§ **Task goal**: Transcribe the listing below word for word but skip its images.

§ **Data section**:
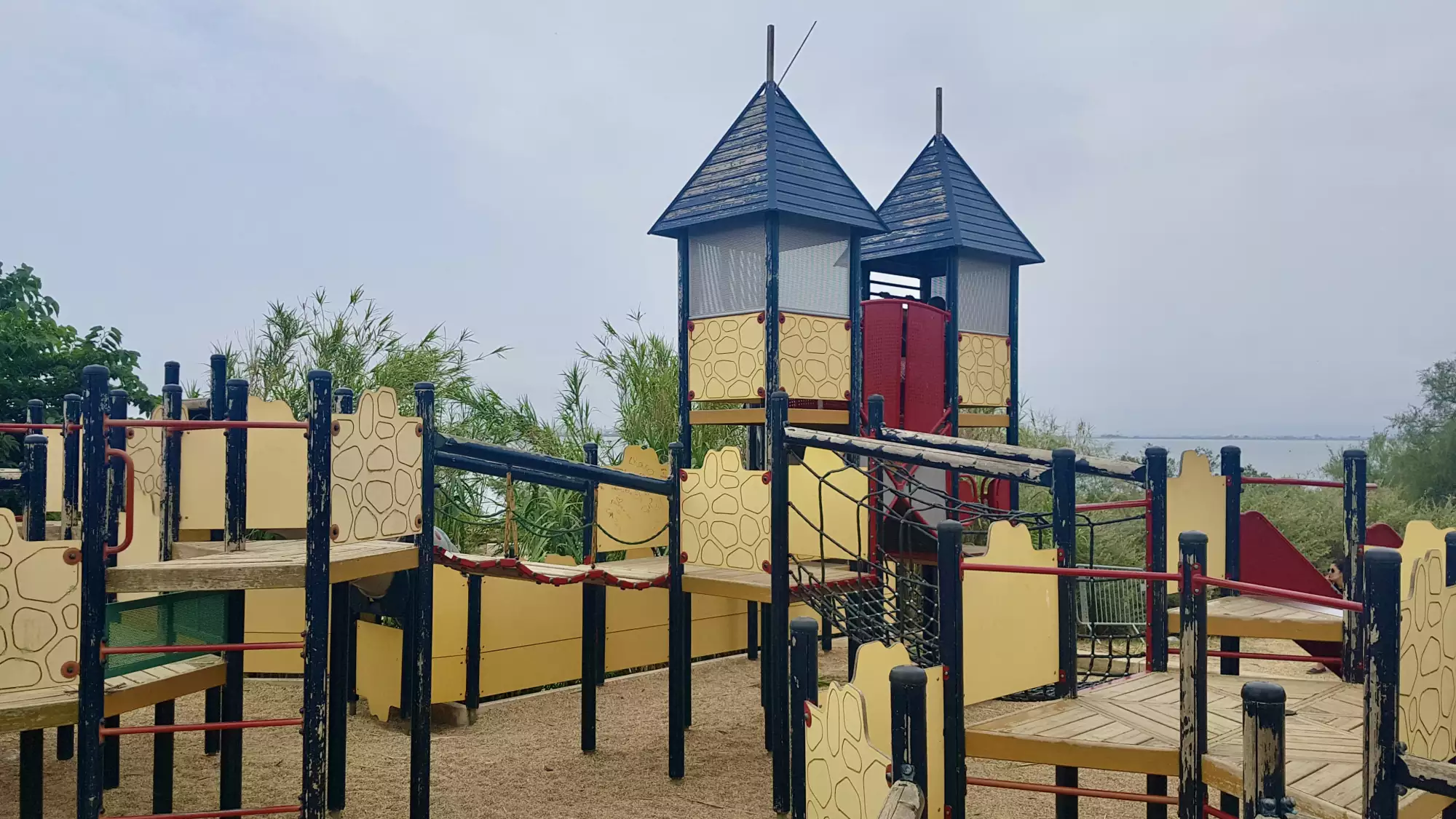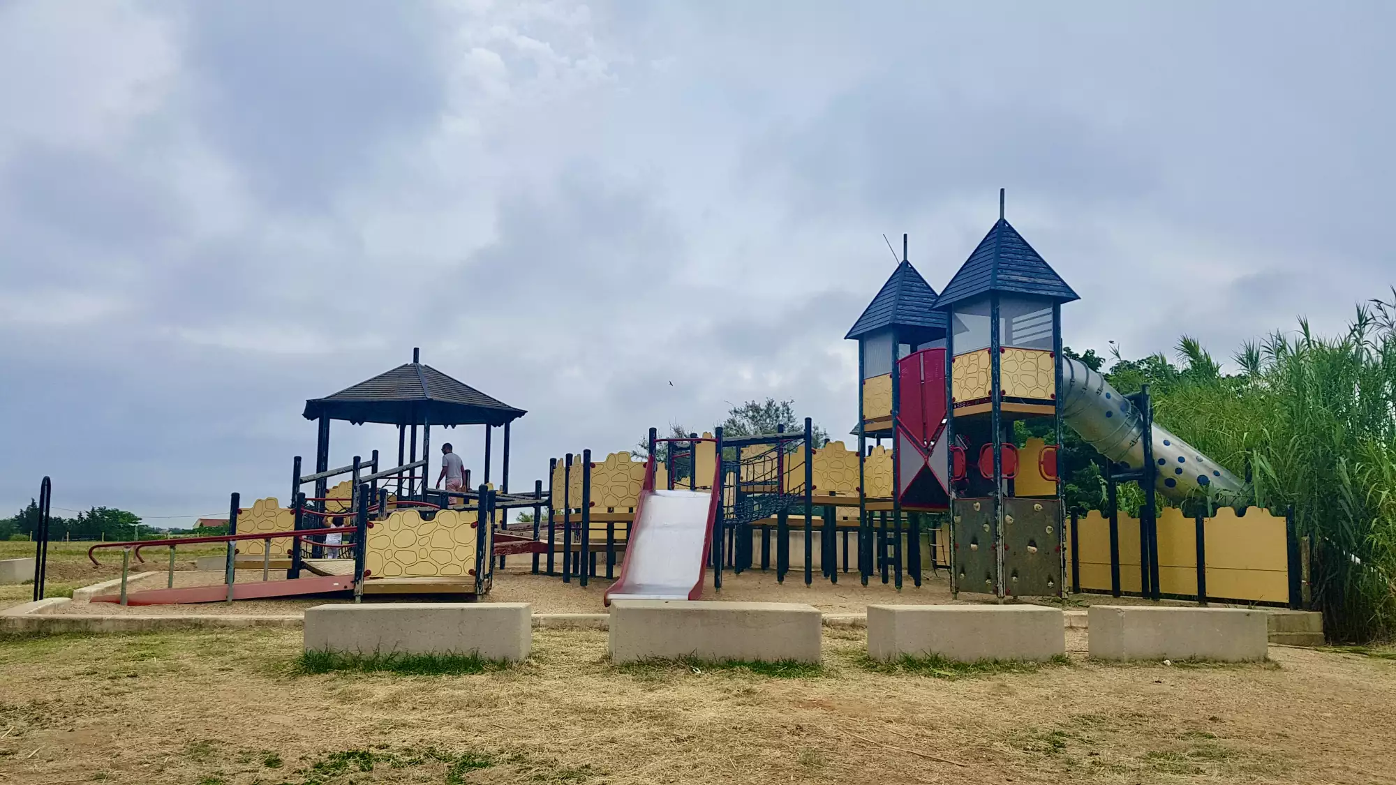 Parc très sympa au bord de l'étang du Méjean avec son château fort et son bateau pirate. Composé de toboggans géants, de plusieurs parcours et filets à escalader ou traverser, les enfants s'y régalent.
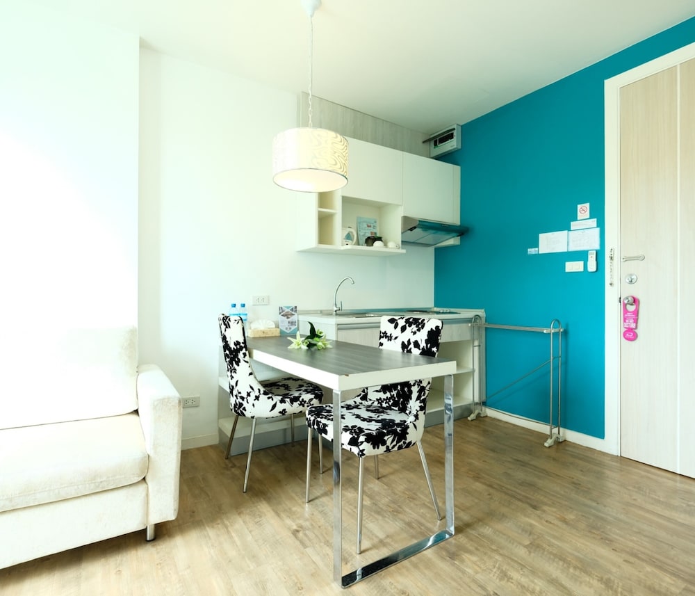ห้องพักสไตล์คอนโด แยกห้อง ห้องรับแขก มีที่เตรียมอาหาร
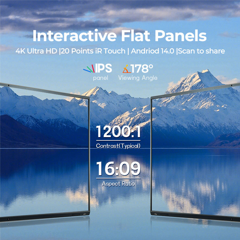 The A-Series 75-inch Infrared led interactive display is a versatile large-format smart display built for advanced teaching, conferencing, and collaborative presentations. Powered by Android 14 with an octa-core processor, it integrates whiteboard, multi-device sharing, annotation, and optional conferencing hardware in one streamlined platform. Its premium metal design, high-precision IR touch, and rich connectivity make it an adaptable solution for classrooms, meeting rooms, and commercial display environments.
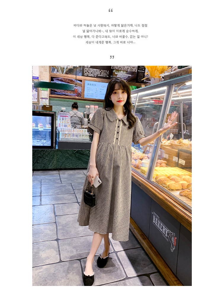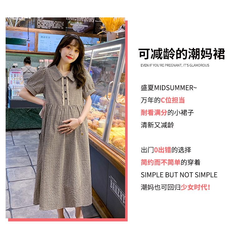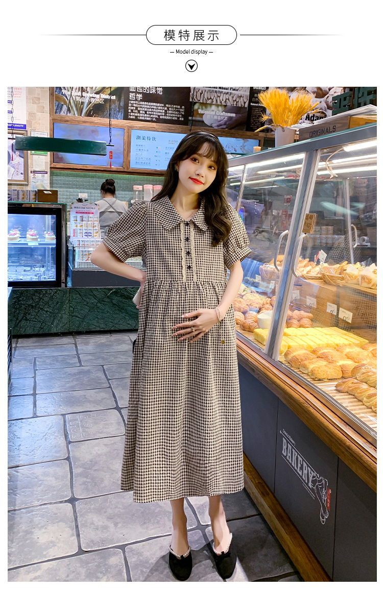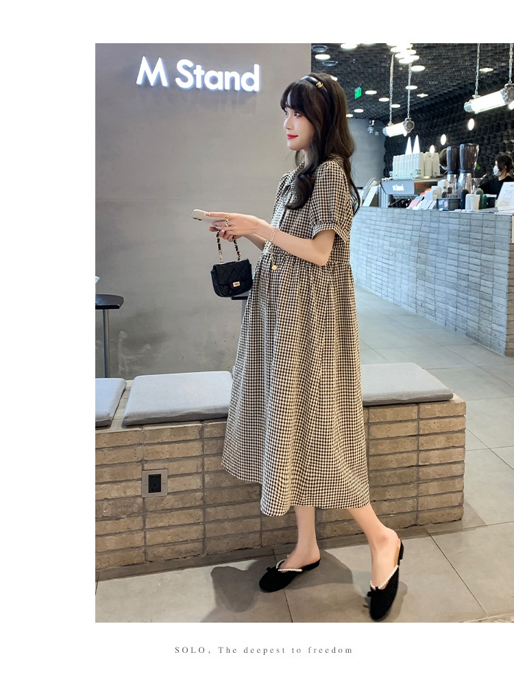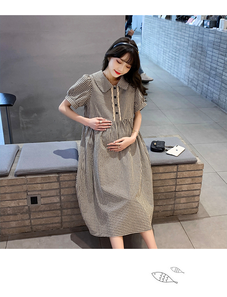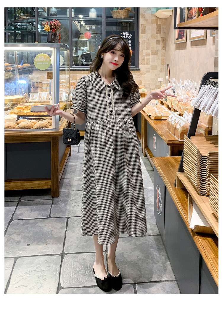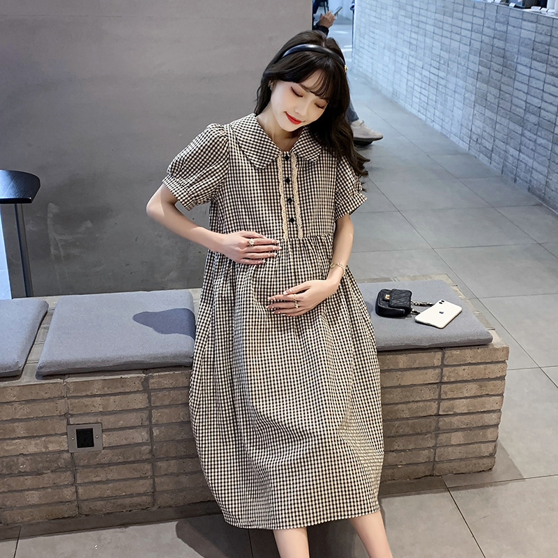 Платье материнства Летнее сладкое ретро платье материнства свободные японские черно-белые клетчатые куклы воротник платье беременной матери

§ **Your response**:
 Parc très sympa au bord de l'étang du Méjean avec son château fort et son bateau pirate. Composé de toboggans géants, de plusieurs parcours et filets à escalader ou traverser, les enfants s'y régalent.
ห้องพักสไตล์คอนโด แยกห้อง ห้องรับแขก มีที่เตรียมอาหาร
 The A-Series 75-inch Infrared led interactive display is a versatile large-format smart display built for advanced teaching, conferencing, and collaborative presentations. Powered by Android 14 with an octa-core processor, it integrates whiteboard, multi-device sharing, annotation, and optional conferencing hardware in one streamlined platform. Its premium metal design, high-precision IR touch, and rich connectivity make it an adaptable solution for classrooms, meeting rooms, and commercial display environments.
 Платье материнства Летнее сладкое ретро платье материнства свободные японские черно-белые клетчатые куклы воротник платье беременной матери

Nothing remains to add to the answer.